3

How to remove ,(comma) which is between "(double inverted comma) and "(double inverted comma). Like there is "a","b","c","d,d","e","f" and then from this, between " and " there is one comma which should be removed and after removing that comma it should be "a","b","c","dd","e","f" with the help of the regex in C# ?

EDIT: I forgot to specify that there may be double comma between quotes like "a","b","c","d,d,d","e","f" for it that regex does not work. and there can be any number of comma between quotes.

And there can be string like a,b,c,"d,d",e,f then there should be result like a,b,c,dd,e,f and if string like a,b,c,"d,d,d",e,f then result should be like a,b,c,ddd,e,f.

Alan Moore
  • 73,866
  • 12
  • 100
  • 156
Harikrishna
  • 4,185
  • 17
  • 57
  • 79

6 Answers6

11

Assuming the input is as simple as your examples (i.e., not full-fledged CSV data), this should do it:

string input = @"a,b,c,""d,d,d"",e,f,""g,g"",h";
Console.WriteLine(input);

string result = Regex.Replace(input,
    @",(?=[^""]*""(?:[^""]*""[^""]*"")*[^""]*$)",
    String.Empty);
Console.WriteLine(result);

output:

a,b,c,"d,d,d",e,f,"g,g",h
a,b,c,"ddd",e,f,"gg",h

The regex matches any comma that is followed by an odd number of quotation marks.

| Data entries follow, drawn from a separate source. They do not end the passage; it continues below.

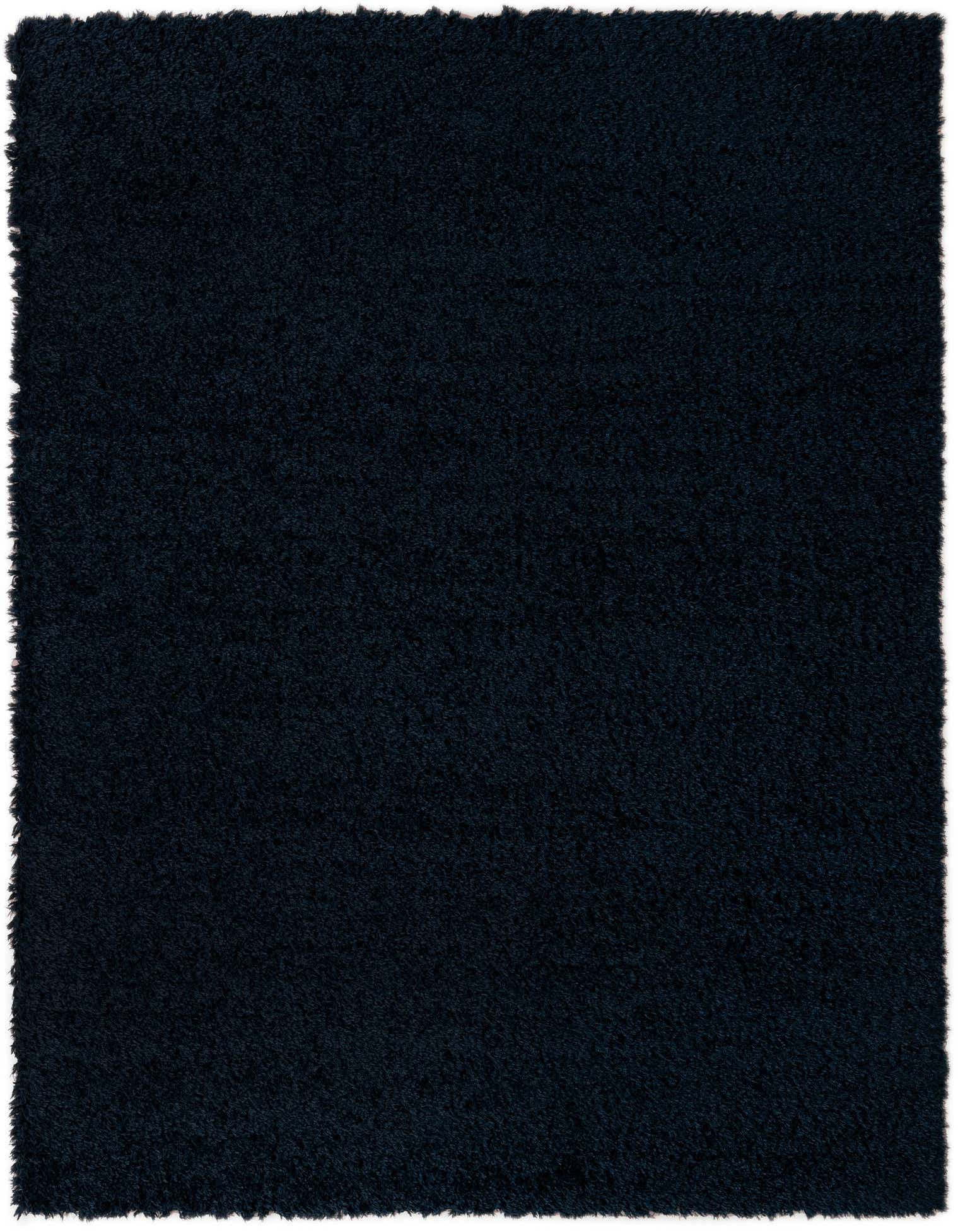 Aegean Blue covers this rug in a deep, even tone with a plush, high-pile shag that invites bare feet. The surface is uniform and pattern-free, offering a clean, modern look while subtle variations in the dense polyester fibers create visual depth and a velvety hand. Machine-made from 100% polyester, the construction gives the pile a full, cushiony feel without added ornamentation.
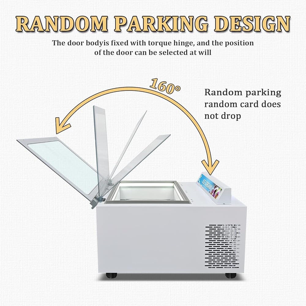 【Door Hover Design】Our ice cream display cabinet has backward opening design, Salesperson can easily select ice cream or food for customers, the glass door can hover freely when opened and closed, no need to support the glass door with hands, the glass door can be parked freely, this design significantly enhances work efficiency and convenient to place and remove the ice cream or other food from cabinet.
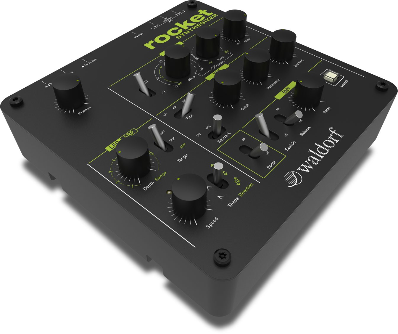 Тип: Аналоговый монофонический синтезатор, мультирежимный фильтр VCF (Low Pass/Band Pass/High Pass), VCF вход, до 8 осцилляторов в унисон, LFO, огибающие для VCA, VCF, Sync, цепи Booster для агрессивного звучания, Line Out, Headphone Out, MIDI In/Out, USB
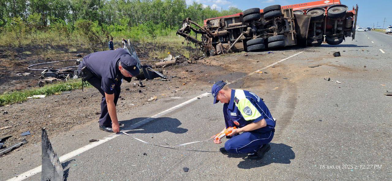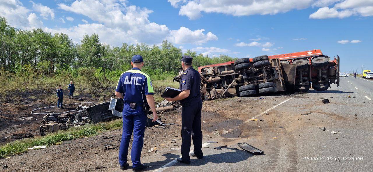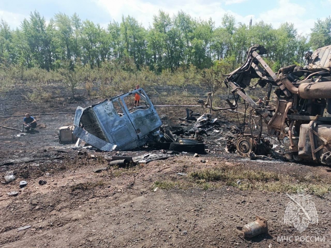 В результате столкновения произошло возгорание в грузовом автомобиле. Огонь перекинулся на кабину бензовоза и сухую растительность.
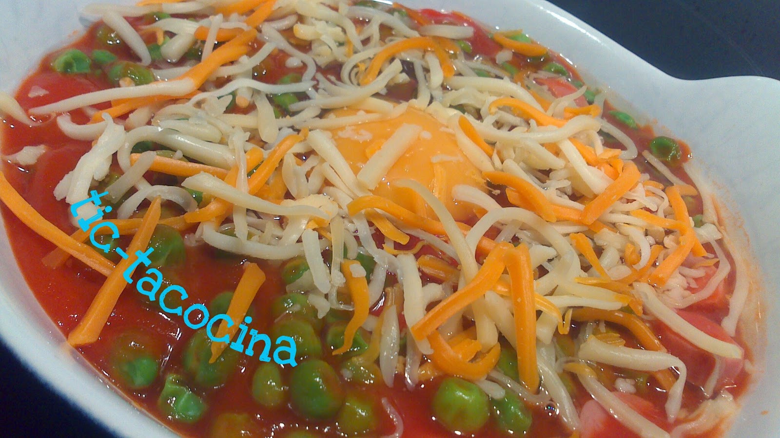 Cubrir con tomate, añadir las salchichas en rodajitas y mezclar todo. Cascar el huevo en un cuenco aparte para comprobar que esta bien y evitar que nos pueda caer cascara en la preparación, y poner uno en cada cuenco.

EDIT: If fields are quoted with apostrophes (') instead of quotation marks ("), the technique is exactly the same--except you don't have to escape the quotes:

string input = @"a,b,c,'d,d,d',e,f,'g,g',h";
Console.WriteLine(input);

string result = Regex.Replace(input,
    @",(?=[^']*'(?:[^']*'[^']*')*[^']*$)",
    String.Empty);
Console.WriteLine(result);

If some fields were quoted with apostrophes while others were quoted with quotation marks, a different approach would be needed.


EDIT: Probably should have mentioned this in the previous edit, but you can combine those two regexes into one regex that will handle either apostrophes or quotation marks (but not both):

@",(?=[^']*'(?:[^']*'[^']*')*[^']*$|[^""]*""(?:[^""]*""[^""]*"")*[^""]*$)"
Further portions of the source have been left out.